Die Kontrollkompetenz der Hohen Behörde reduzierte das gegenseitige Misstrauen. Wenn in einem Mitgliedstaat plötzlich viel mehr Stahl produziert würde als im Markt ersichtlich ist (weil er zum Beispiel für den Bau von Panzern abgezweigt würde), hätte die Hohe Behörde das bemerkt. Diese Sicherheit bedeutete, dass man nicht aus Vorsicht oder Misstrauen ebenfalls wieder in Rüstung investieren musste. Niemand sah sich genötigt, eine eskalierende Rüstungsspirale in Gang zu setzen.

Funktionierte es?

Der Handel zwischen den Mitgliedstaaten schoss in die Höhe. Kein in Friedrichshafen produziertes Industriegut war seither beteiligt an der Tötung französischer Soldaten. Doch längst nicht alle Ziele des Vertrags von Paris wurden erfüllt. So bildeten sich zum Beispiel wieder grosse Rüstungskonzerne. Auch Preisabsprachen konnte die Hohe Behörde nicht gänzlich verhindern. Die Hohe Behörde war eine mässig erfolgreiche Regulatorin.

Die wichtigste Errungenschaft der EGKS war wohl nicht die Effektivität ihrer einzelnen Regulierungen sondern die stählerne Brücke, die sie über den tiefen Graben des Misstrauens in Europa schlug. Diese Brücke des Vertrauens war stabil genug, um den europäischen Einigungsprozess in Gang zu setzen. Der europäische Einigungsprozess schaffte es dann, den Graben des Misstrauens soweit zuzuschütten, dass die Brücke bald keine tragende Rolle mehr spielen musste.

Die EGKS erlaubte wirtschaftliche Entwicklung ohne Rüstungsspirale. In den Worten der Schuman-Erklärung: “Die Zusammenlegung der Kohle- und Stahlproduktion wird sofort die Schaffung gemeinsamer Grundlagen für die wirtschaftliche Entwicklung sichern – die erste Etappe der europäischen Föderation – und die Bestimmung jener Gebiete ändern, die lange Zeit der Herstellung von Waffen gewidmet waren, deren sicherste Opfer sie gewesen sind.”
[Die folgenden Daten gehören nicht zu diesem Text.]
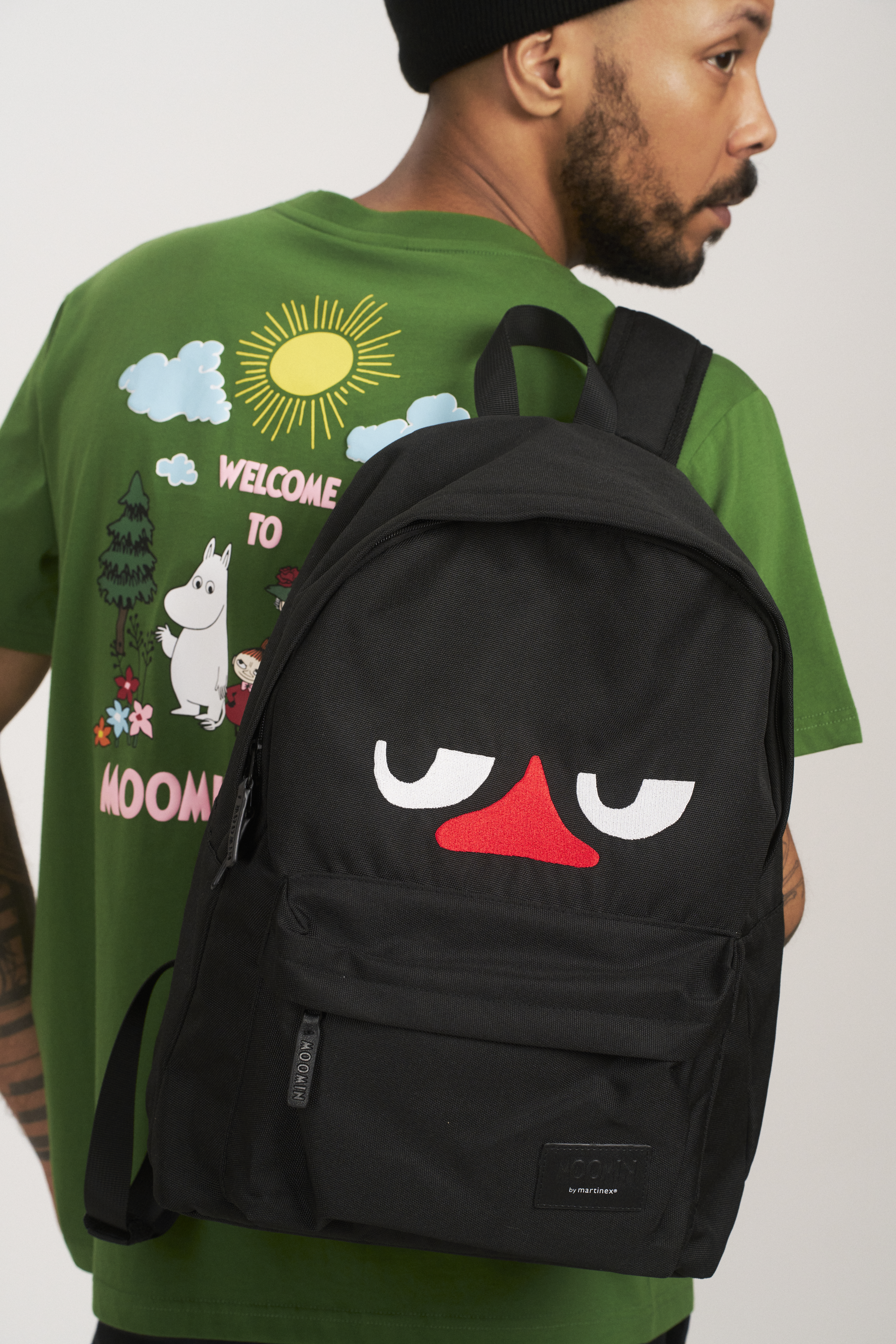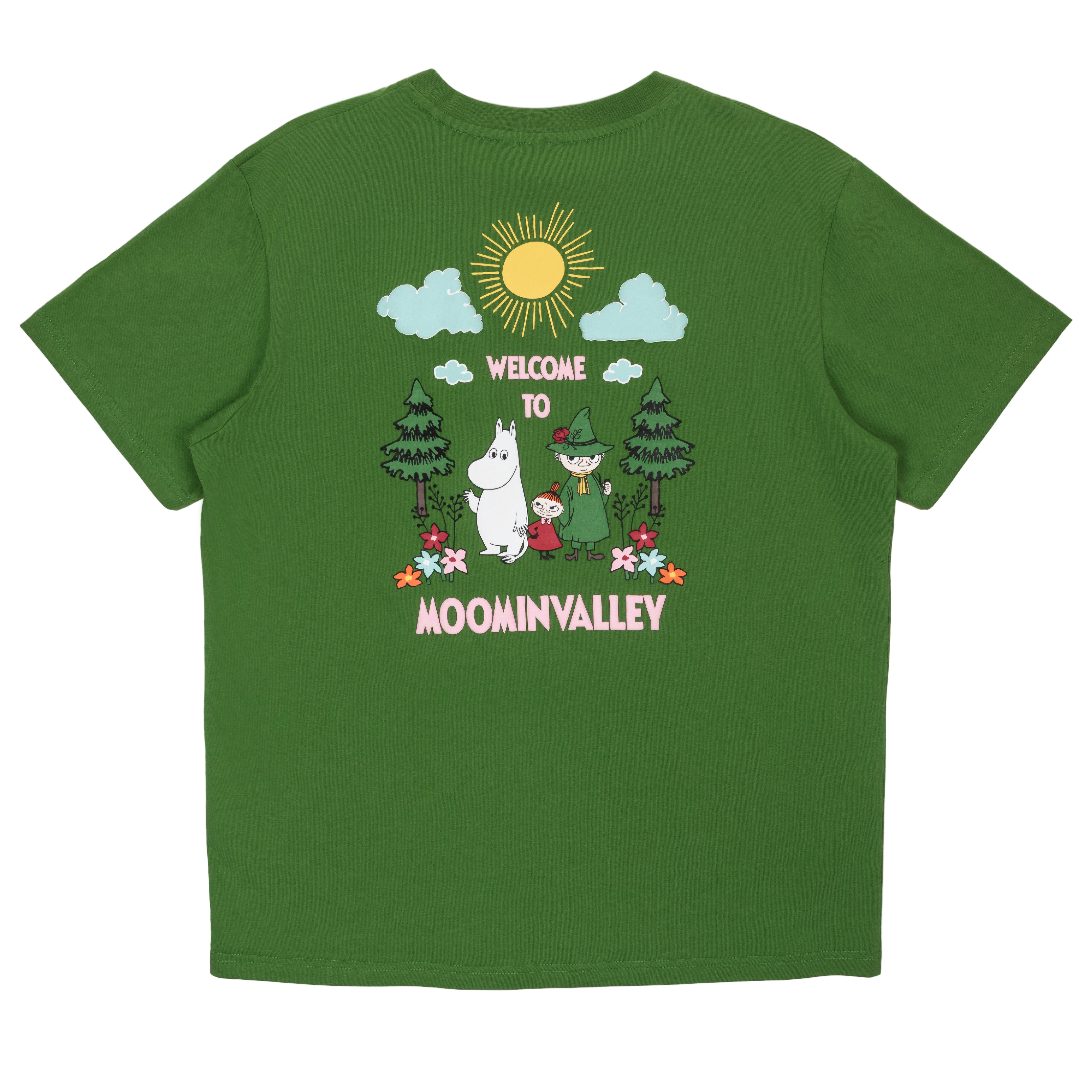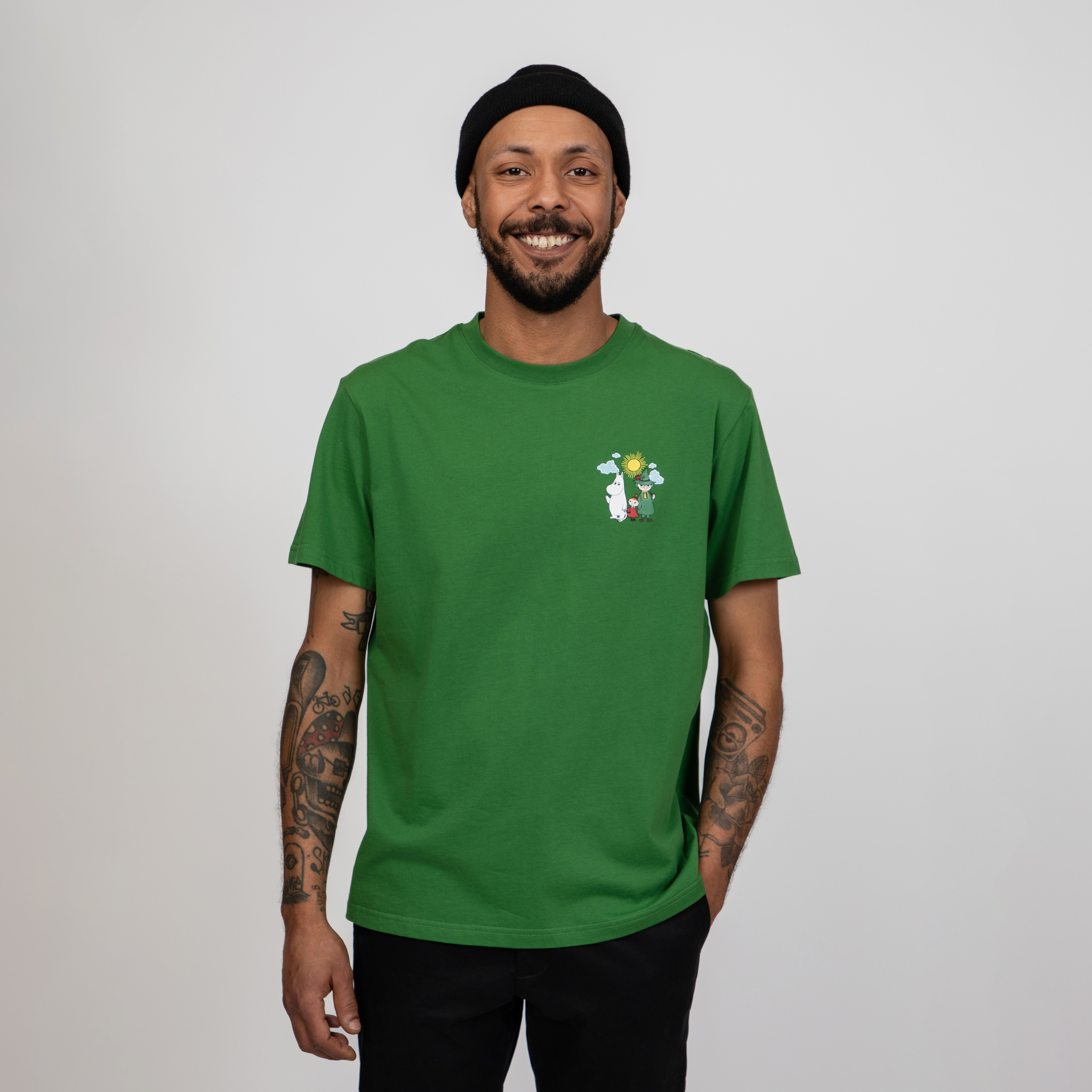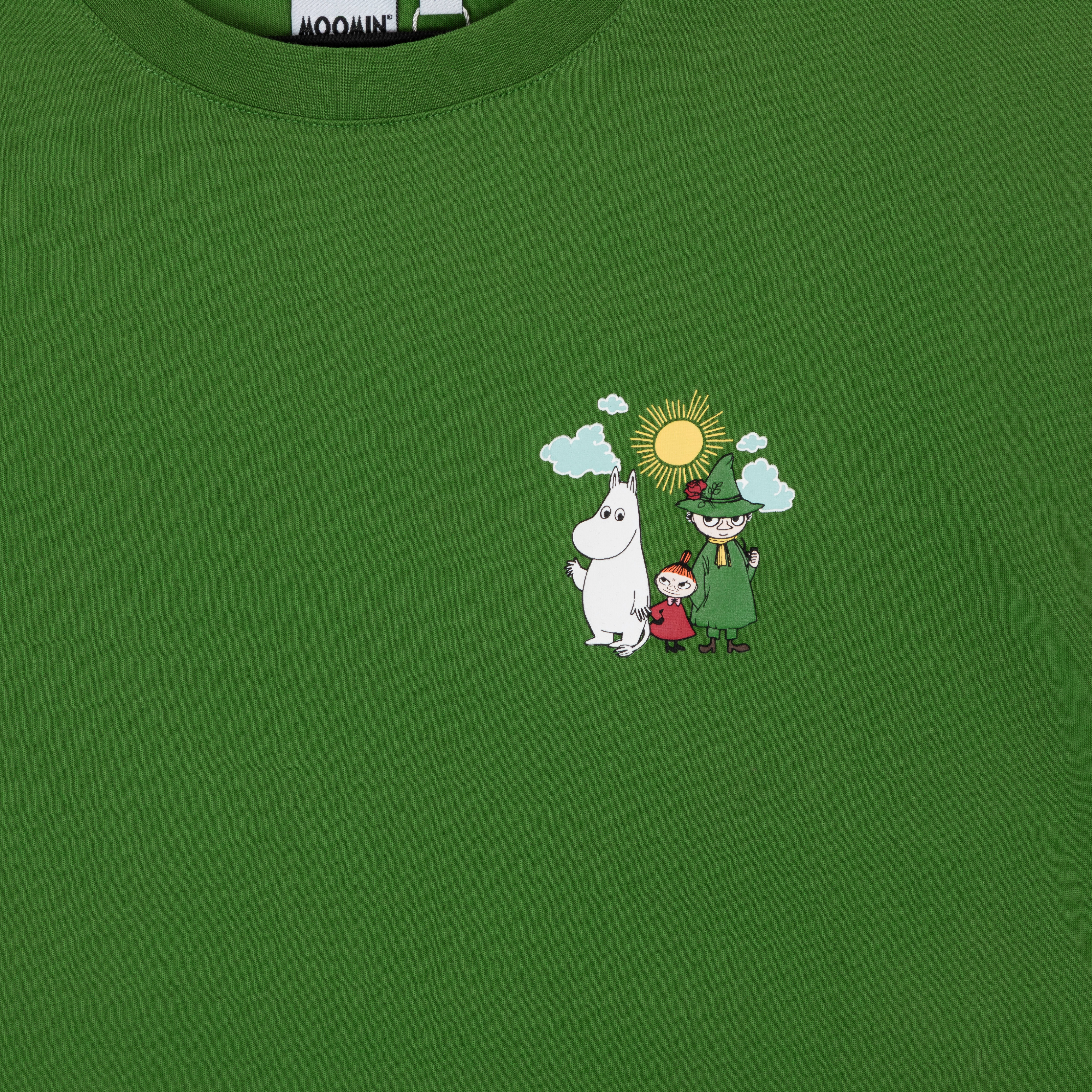 Cooles Mumin T-Shirt für Erwachsene mit kleinem Mumin-Motiv vorne und großem Print auf dem Rücken.

Wenn heute ein Kind nachts von Mörschwil durch das Fenster nach Friedrichshafen schaut, weil sich dort ein lärmiges, feuriges Spektakel abspielt, dann sieht es wahrscheinlich das üppige Feuerwerk einer prosperierenden Stadt. Friedrichshafen wird nicht wieder von den Flammen verzehrt, welche die städtische Industrie zu entfachen mithalf.